━━━━━ RECORD EXCERPTS ━━━━━

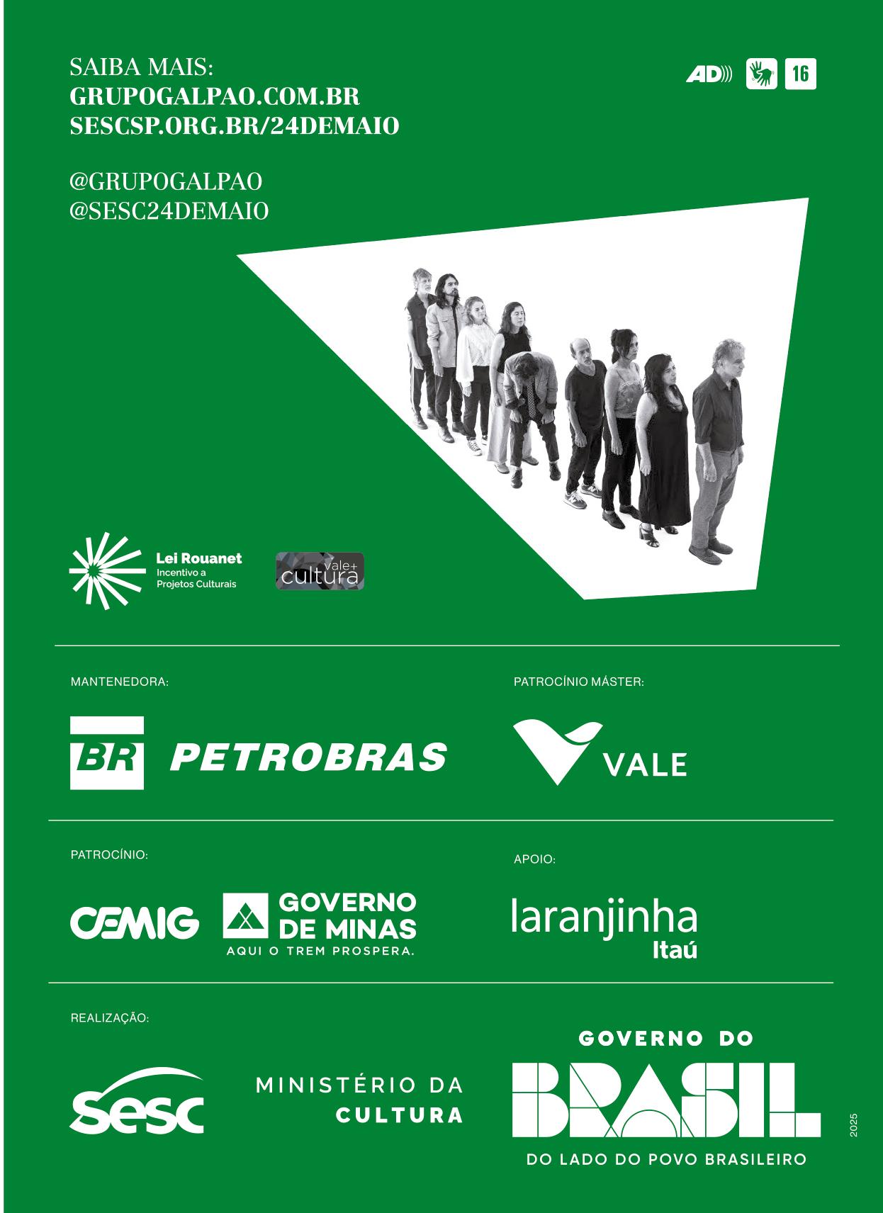 Uma epidemia de cegueira assola a cidade, privando seus habitantes de enxergar o mundo como antes. Tudo começa com um homem no trânsito, repentinamente cego. Rapidamente a condição se espalha e coloca à prova a moral, a ética e as noções de coletivo. Um encontro entre o Grupo Galpão e a obra de José Saramago, escritor português ganhador do Prêmio Nobel de Literatura. O espetáculo também conta com o “Ingresso Experiência”, categoria na qual o público poderá vivenciar vedadas a peça nesta experiência imersiva e sensorial no palco, guiada pelo elenco. Com: Grupo Galpão. Dramaturgia e direção: Rodrigo Portella. Elenco: Antonio Edson, Arildo de Barros, Beto Franco, Chico Pelúcio, Eduardo Moreira, Fernanda Vianna, Inês Peixoto, Júlio Maciel, Lydia Del Picchia, Paulo André, Simone Ordones e Teuda Bara. Sesc 24 de Maio / Teatro - R. 24 de Maio, 109. República. T. 3350.6300. Quinta a sábado, 19h; domingo e
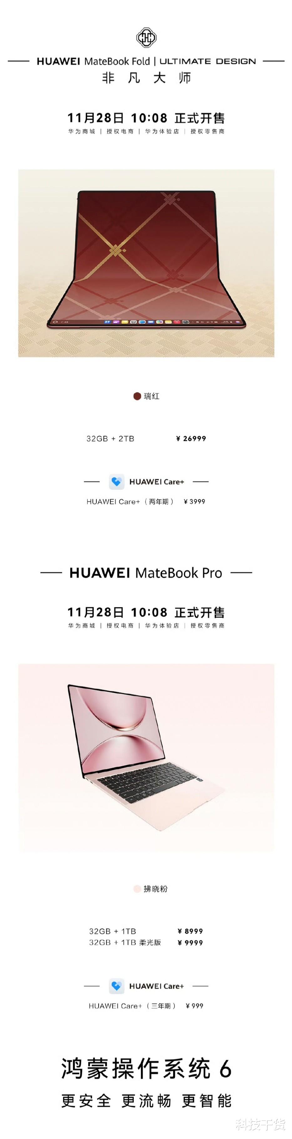 售价方面,全新配色华为MateBook Fold 非凡大师 瑞红32GB / 2TB版售价26999元;华为MateBook Pro 拂晓粉32GB/1TB版本售价为8999元,32GB/1TB柔光版售价9999。
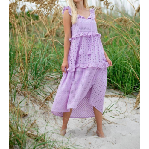 A midi dress so versatile, your options for wearing it are endless.Tiered construction. Eyelet lace. Ruffled shoulders. Sleeveless. Tassel tie neckline. Measurements - 18” bust, 17.5” waist, 48” length.
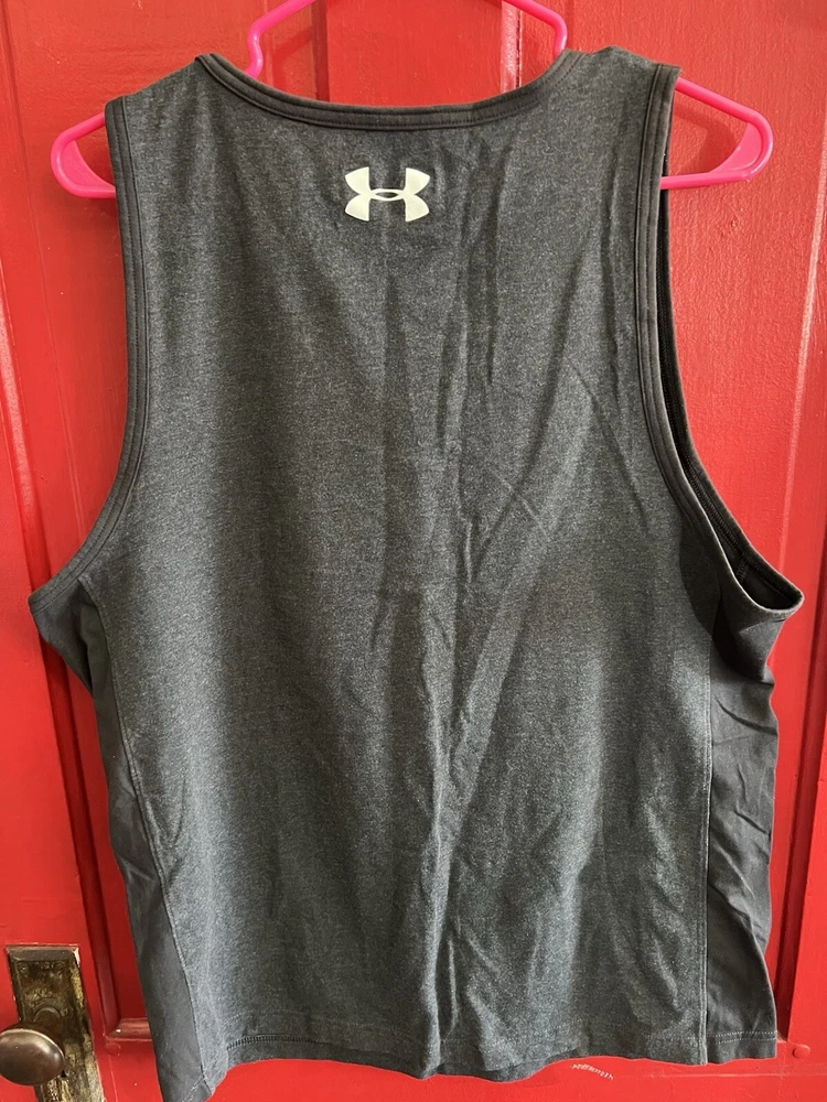 This Under Armour tank top shirt is perfect for any gym and training activity, as well as for casual wear and workwear. The shirt is made of woven fabric that is breathable and suitable for all seasons. It features a solid pattern, crew neck, and sleeveless design, with a pullover closure for convenience. The gray shirt has a regular fit and is available in size large. It showcases the Under Armour logo for a classic and modern sports theme. This tank top shirt is ideal for gym and training, walking, beach, cross training, CrossFit, basketball, running, and jogging.
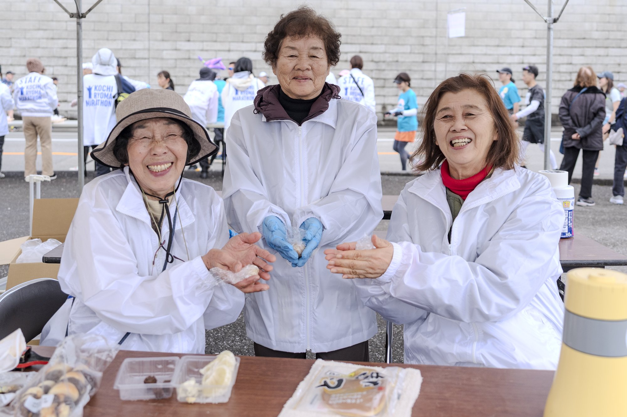 除普通市民外,高知龍馬馬拉松2025的路線沿線有7個沿途應援隊為長跑者加油!吹奏樂演奏和YOSAKOI舞蹈表演等,展示了當地的孩子們和當地的志願者為了這一天拼命練習的成果,使大會氣氛高漲。
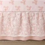 Universal Fit: The fitted cotton crib sheet is designed to fit standard crib mattresses measuring 28 x 52 with all-around elastic for a secure and snug fit. The dust ruffle is a layered luxury with a 4-side design and a generous 16 drop length.
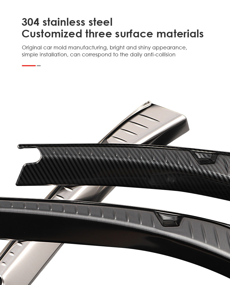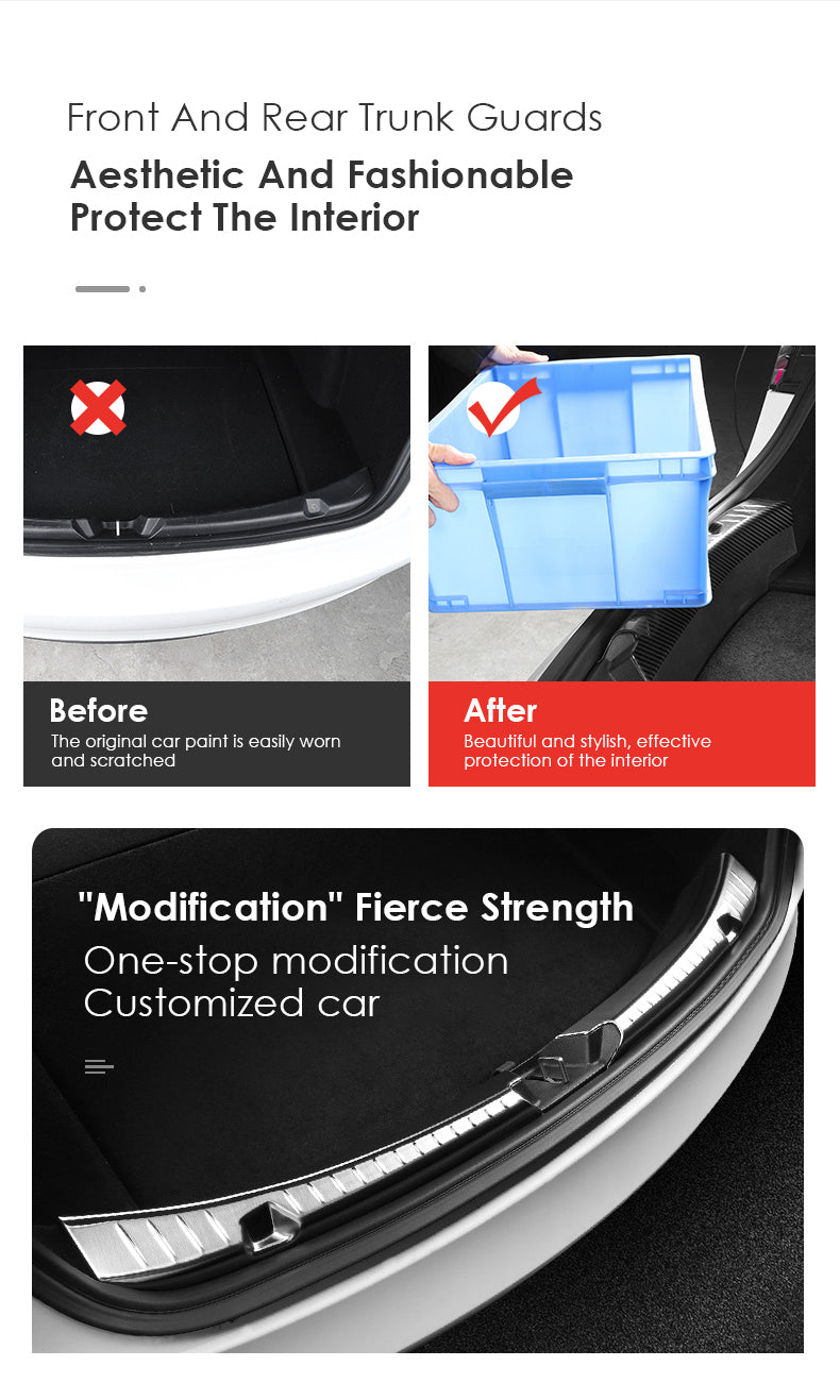 Esta tira antiarañazos del maletero Tesla Model 3 está hecha de acero inoxidable de alta calidad, que es resistente al impacto y la alta temperatura no es fácil de deformar y tiene una larga vida útil. Puede proteger eficazmente las piezas originales del automóvil de ser pisoteadas. El guardabarros interior del maletero Tesla modelo 3 es hermoso, suave, sólido, no es fácil de romper y súper duradero, lo que puede proteger eficazmente las piezas originales del automóvil. El diseño innovador rompe el estándar original y dota a su coche de personalidad y una experiencia visual más avanzada.
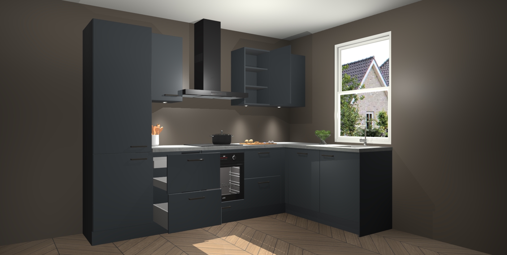 Maak kennis met de trendsettende en luxe Onyxgrijze keuken Bazel! Deze uitzonderlijke keuken van Duitse kwaliteit is stijlvol, modern en perfect om elk huis mee op te fleuren. De binnenkant van de kasten worden meegenomen in een bijpassende kleur om een samenhangende eigentijdse esthetiek te voltooien. U zult dol zijn op hoe uw pas gerenoveerde keuken eruitziet met de Onyxgrijze editie!
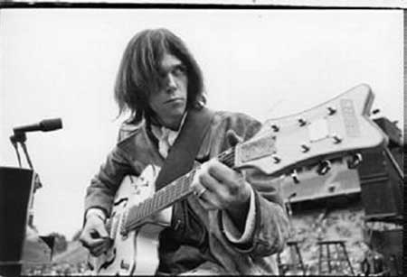 par terre, Neil Young n'a plus que 3 cordes à sa guitare...
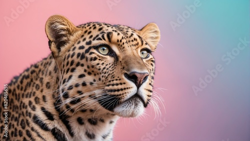 © Arceli, Obraz premium leopard on bright pastel color background from Generative AI
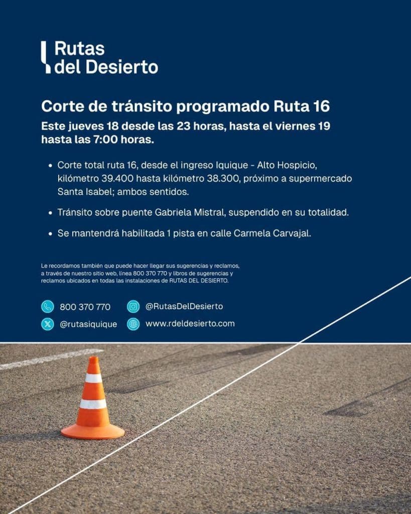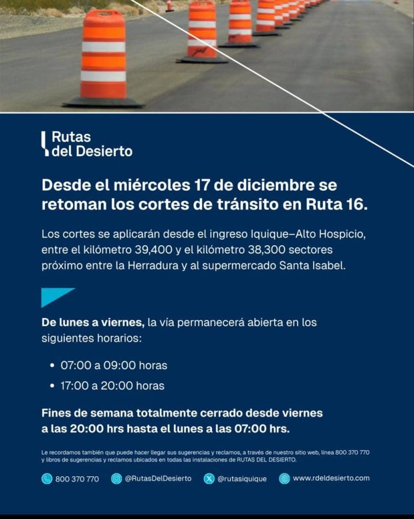 La concesionaria Rutas del Desierto anunció que a partir del miércoles 17 de diciembre se retomarán los cortes programados de tránsito en la Ruta 16, específicamente en el tramo que conecta Iquique con Alto Hospicio, entre los kilómetros 39,400 y 38,300, sector cercano a La Herradura y al supermercado Santa Isabel.
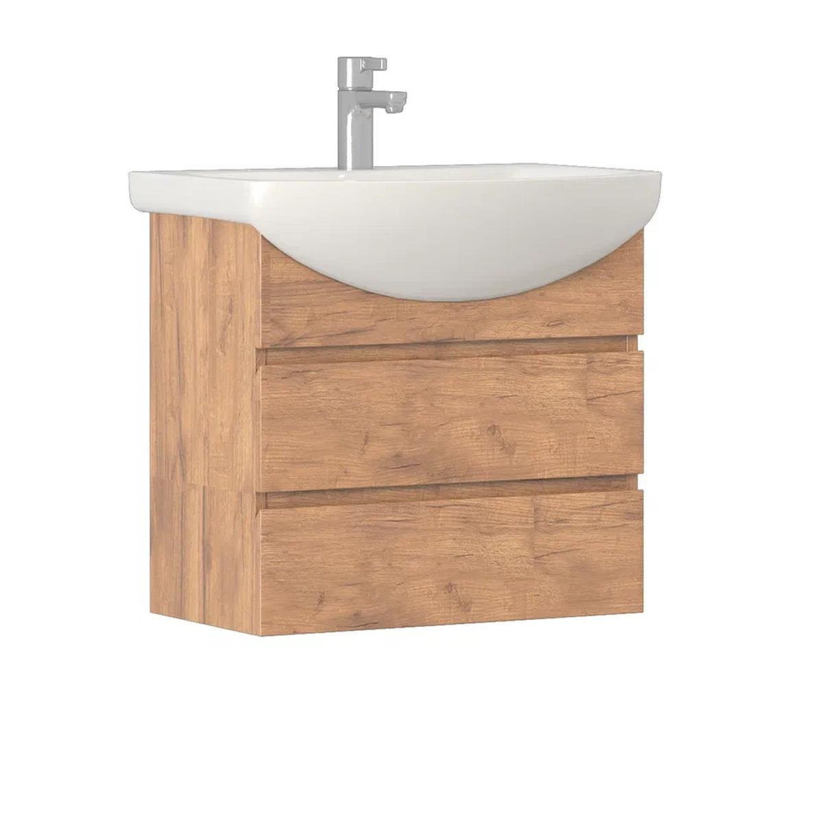 Тумба с раковиной подвесная VIGO Wing tp.WIN.BAL.60.2Y дуб золотой, 60 см. Раковина в комплекте.
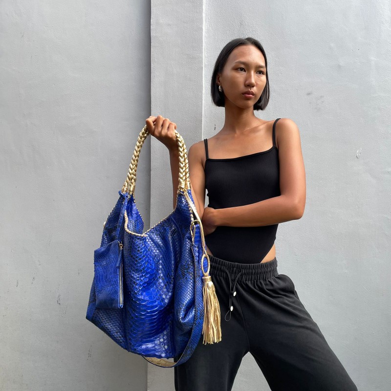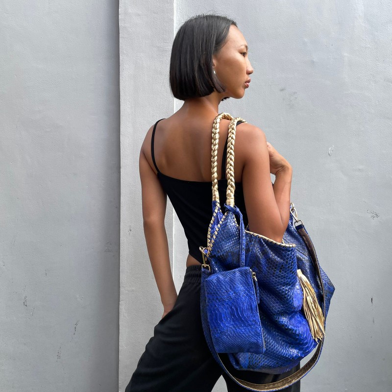 Material: python Size: 50X15X35CM Accessories: gold Long strap: Yes Extra pouch
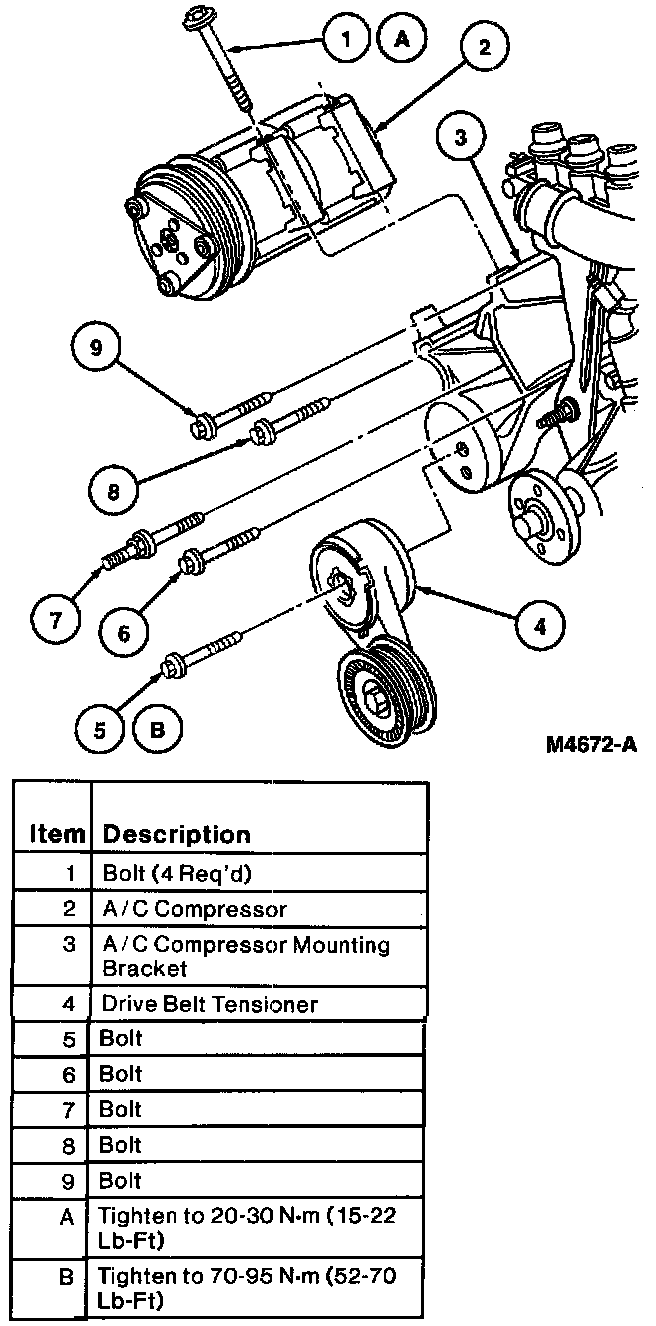 1. Install A/C compressor mounting bracket with four retaining bolts.

━━━━━

▶ **EXERCISE**
From the line containing "par terre, Neil" through the last line of the entries, copy each line exactly and only those, skipping all pictures.

▶ **YOUR RESPONSE**
 par terre, Neil Young n'a plus que 3 cordes à sa guitare...
 © Arceli, Obraz premium leopard on bright pastel color background from Generative AI
 La concesionaria Rutas del Desierto anunció que a partir del miércoles 17 de diciembre se retomarán los cortes programados de tránsito en la Ruta 16, específicamente en el tramo que conecta Iquique con Alto Hospicio, entre los kilómetros 39,400 y 38,300, sector cercano a La Herradura y al supermercado Santa Isabel.
 Тумба с раковиной подвесная VIGO Wing tp.WIN.BAL.60.2Y дуб золотой, 60 см. Раковина в комплекте.
 Material: python Size: 50X15X35CM Accessories: gold Long strap: Yes Extra pouch
 1. Install A/C compressor mounting bracket with four retaining bolts.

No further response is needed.